Adapter proteins SLP-76 and BLNK both are expressed by murine macrophages and are linked to signaling via Fcγ receptors I and II/III

The SLP-76 (Src homology 2 domain-containing leukocyte protein of 76 kDa) adapter protein is expressed in T cells and myeloid cells, whereas its homologue BLNK (B cell linker protein) is expressed in B cells. SLP-76 and BLNK link immunoreceptor tyrosine-based activation motif-containing receptors to signaling molecules that include phospholipase C-gamma, mitogen-activated protein kinases, and the GTPases Ras and Rho, SLP-76 plays a critical role in T cell receptor, Fc epsilon RI and gpVI collagen receptor signaling, and participates in signaling via Fc gamma R and killer cell inhibitory receptors, BLNK plays a critical role in B cell receptor signaling.

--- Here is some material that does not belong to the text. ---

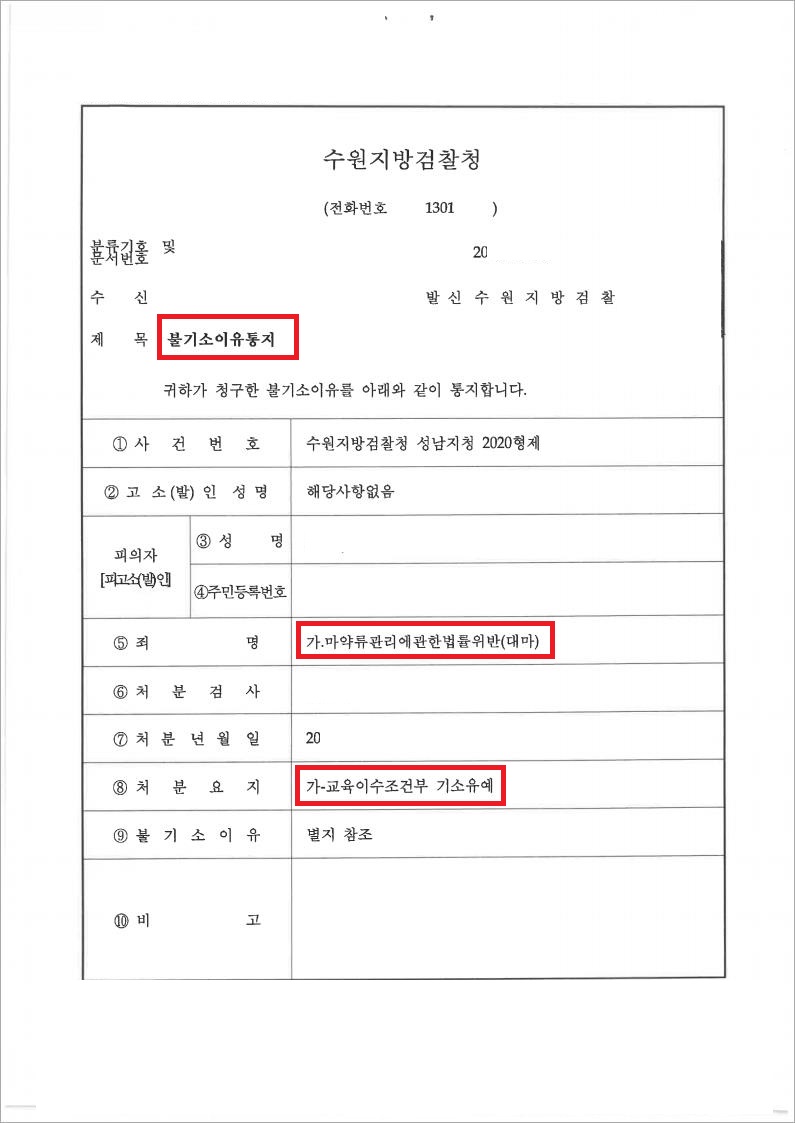 검찰은 법무법인 고운의 주장을 받아들여 의뢰인에게 기소유예 처분을 내렸습니다. 의뢰인은 어린 나이에 마약관련 전과사실이 생길 뻔했었는데, 잘 마무리가 되어 매우 만족하였습니다.

We show that murine bone marrow-derived macrophages express both SLP-76 and BLNK, Selective ligation of Fc gamma RI and Fc gamma RII/III resulted in tyrosine phosphorylation of both SLP-76 and BLNK, SLP-76(-/-) bone marrow-derived macrophages display Fc gamma R-mediated tyrosine phosphorylation of Syk, phospholipase C-gamma 2, and extracellular signal regulated kinases 1 and 2, and normal Fc gamma R-dependent phagocytosis. These data suggest that both SLP-76 and BLNK are coupled to Fc gamma R signaling in murine macrophages.